• **Exercise inputs**:
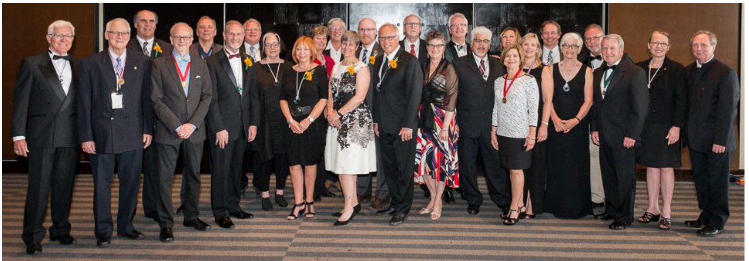
Fellows assembled at the 2016 investiture ceremony in Mexico. | Associés rassemblés à la cérémonie d'intronisation 2016 qui a eu lieu à México.
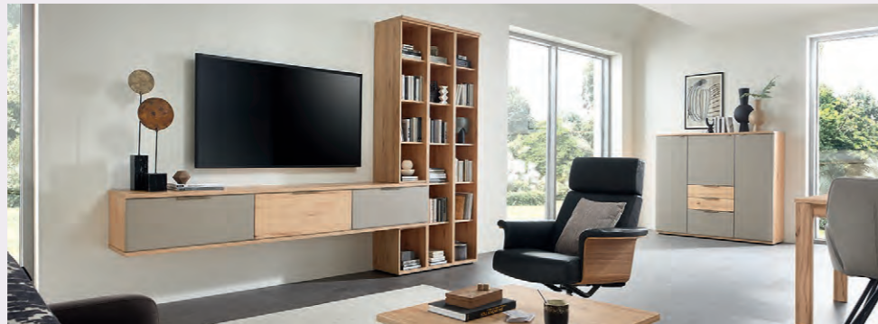
Offene Wohnkonzepte mit harmonischem Übergang

Im Essbereich zeigt vito BERGHE seine elegante, wohnliche Seite. Sideboards, Highboards und Vitrinen schaffen Stauraum und setzen zugleich stilvolle Akzente. Graues ESG-Glas in Vitrinentüren und Glasböden verleiht dem Programm eine moderne Leichtigkeit, während Holzdekore für Wärme sorgen.
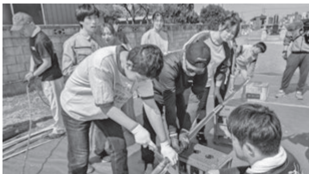
蛇(ジャ)づくりのようす

そこで修祓式や開会式が挙行され、終了すると蛇(ジャ)は順番に神社境内にある弁天池に向かい、「水呑みの儀」
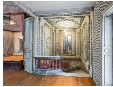
Cage de l'escalier à l'étage.
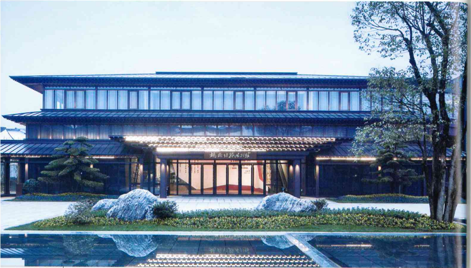
2018 年為配合「楓橋經驗」55 週年紀念大會而新建的「楓橋經驗陳列館」，被列為浙江省紹興市「十大紅色旅遊景區」。(Photo Credit: ArchDaily, UAD, https://www.archdaily.cn/cn/918854/feng-qiao-jing-yan-chen-lie-guan-zhe-jiang-da-xue-jian-zhu-she-ji-yan-jiu-yuan-jian-zhu-jiu-yuan?ad_medium=gallery )

需求，但實際狀況卻演變成對民眾的全面監控與壓制，以「網格化」管理形成異常嚴密的維穩系統，甚至阻擋民眾「上訪」陳情。大陸部分地區建立自派出所到群眾家門口的聯絡線，分成不同的警務站或警務點管理，達到不用派出大批警察就能及時處理群眾事件的方式。部分城市亦大量聘僱「網格員」，分層監控城市居民，例如河南省開封市建立 3,858 個一級網格、8,500 個二級網格，配備專（兼）職網格員 3.2 萬餘名，全市「零上訪」、「零事故」、「零案件」的「三零」績效綜合成績使其近 2 年在河南省的評比名列前茅，深獲中共的嘉許。
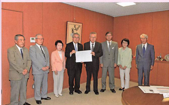
(2019-8-29 要請活動 市長)
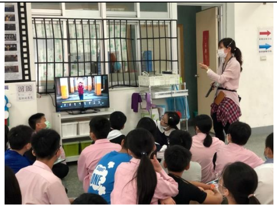
說明：玫瑰少年 MV 欣賞與團討。
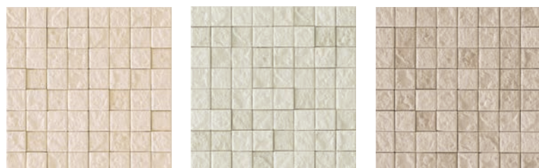
JUN II /MC-34 (ライトブラウン) JUN II /MC-35 (ライム) JUN II /MC-36 (コーラル)

「純・II」は漆喰内装材です。 土の恵にこだわった、人と環境に優しいエコ商品です。
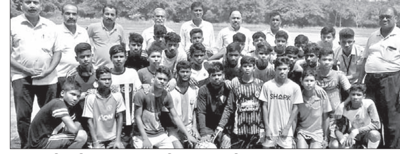
ପୁସ୍ତକ ପ୍ରତିଯୋଗିତାରେ ଅଂଶଗ୍ରହଣ କରିଥିବା ଛାତ୍ର ଓ ଅତିଥି
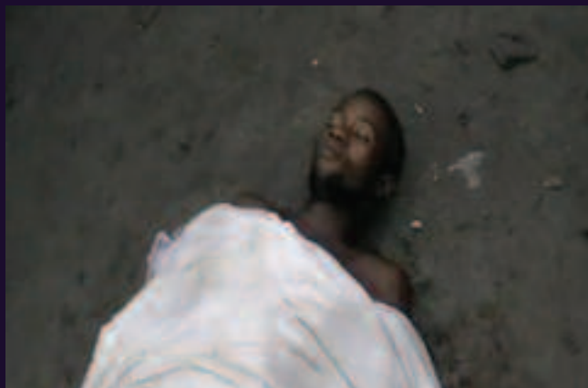
Commune de Bumbu, Kinshasa. 18 novembre 2013.
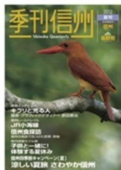
表紙デザイン：原田泰治
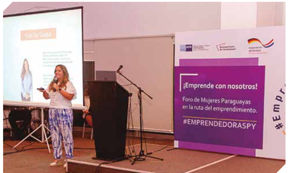
Este taller contó con la presencia de varias referentes del sector del emprendedurismo.
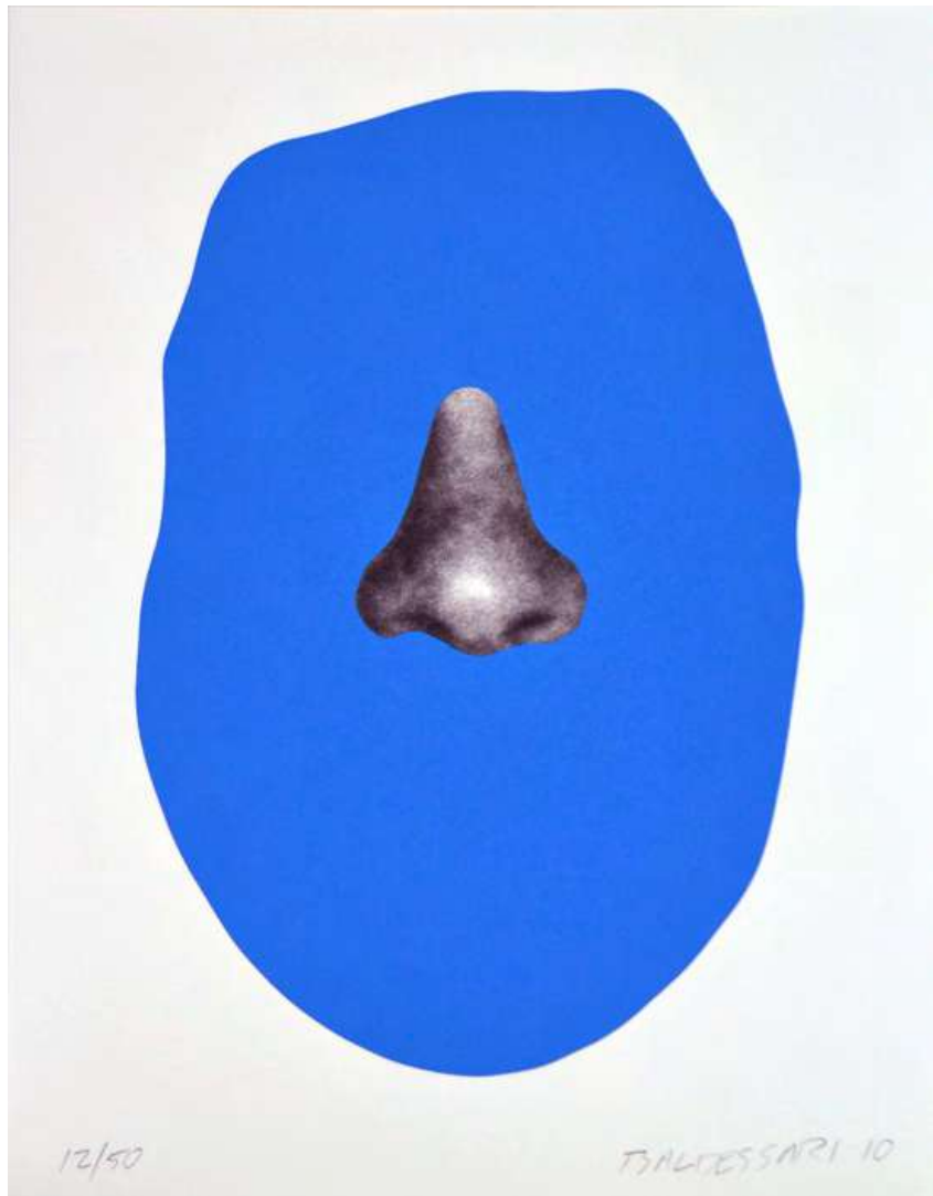
John Baldessari Nose/Silhouette: Blue 2010 Litografía y serigrafía 46 x 35 cm Edición 50 ejemplares Ref. 060024

• **Task details**: Print the material above exactly as it appears, but not its pictures.

• **Answer space**:
Fellows assembled at the 2016 investiture ceremony in Mexico. | Associés rassemblés à la cérémonie d'intronisation 2016 qui a eu lieu à México.
Offene Wohnkonzepte mit harmonischem Übergang

Im Essbereich zeigt vito BERGHE seine elegante, wohnliche Seite. Sideboards, Highboards und Vitrinen schaffen Stauraum und setzen zugleich stilvolle Akzente. Graues ESG-Glas in Vitrinentüren und Glasböden verleiht dem Programm eine moderne Leichtigkeit, während Holzdekore für Wärme sorgen.
蛇(ジャ)づくりのようす

そこで修祓式や開会式が挙行され、終了すると蛇(ジャ)は順番に神社境内にある弁天池に向かい、「水呑みの儀」
Cage de l'escalier à l'étage.
2018 年為配合「楓橋經驗」55 週年紀念大會而新建的「楓橋經驗陳列館」，被列為浙江省紹興市「十大紅色旅遊景區」。(Photo Credit: ArchDaily, UAD, https://www.archdaily.cn/cn/918854/feng-qiao-jing-yan-chen-lie-guan-zhe-jiang-da-xue-jian-zhu-she-ji-yan-jiu-yuan-jian-zhu-jiu-yuan?ad_medium=gallery )

需求，但實際狀況卻演變成對民眾的全面監控與壓制，以「網格化」管理形成異常嚴密的維穩系統，甚至阻擋民眾「上訪」陳情。大陸部分地區建立自派出所到群眾家門口的聯絡線，分成不同的警務站或警務點管理，達到不用派出大批警察就能及時處理群眾事件的方式。部分城市亦大量聘僱「網格員」，分層監控城市居民，例如河南省開封市建立 3,858 個一級網格、8,500 個二級網格，配備專（兼）職網格員 3.2 萬餘名，全市「零上訪」、「零事故」、「零案件」的「三零」績效綜合成績使其近 2 年在河南省的評比名列前茅，深獲中共的嘉許。
(2019-8-29 要請活動 市長)
說明：玫瑰少年 MV 欣賞與團討。
JUN II /MC-34 (ライトブラウン) JUN II /MC-35 (ライム) JUN II /MC-36 (コーラル)

「純・II」は漆喰内装材です。 土の恵にこだわった、人と環境に優しいエコ商品です。
ପୁସ୍ତକ ପ୍ରତିଯୋଗିତାରେ ଅଂଶଗ୍ରହଣ କରିଥିବା ଛାତ୍ର ଓ ଅତିଥି
Commune de Bumbu, Kinshasa. 18 novembre 2013.
表紙デザイン：原田泰治
Este taller contó con la presencia de varias referentes del sector del emprendedurismo.
John Baldessari Nose/Silhouette: Blue 2010 Litografía y serigrafía 46 x 35 cm Edición 50 ejemplares Ref. 060024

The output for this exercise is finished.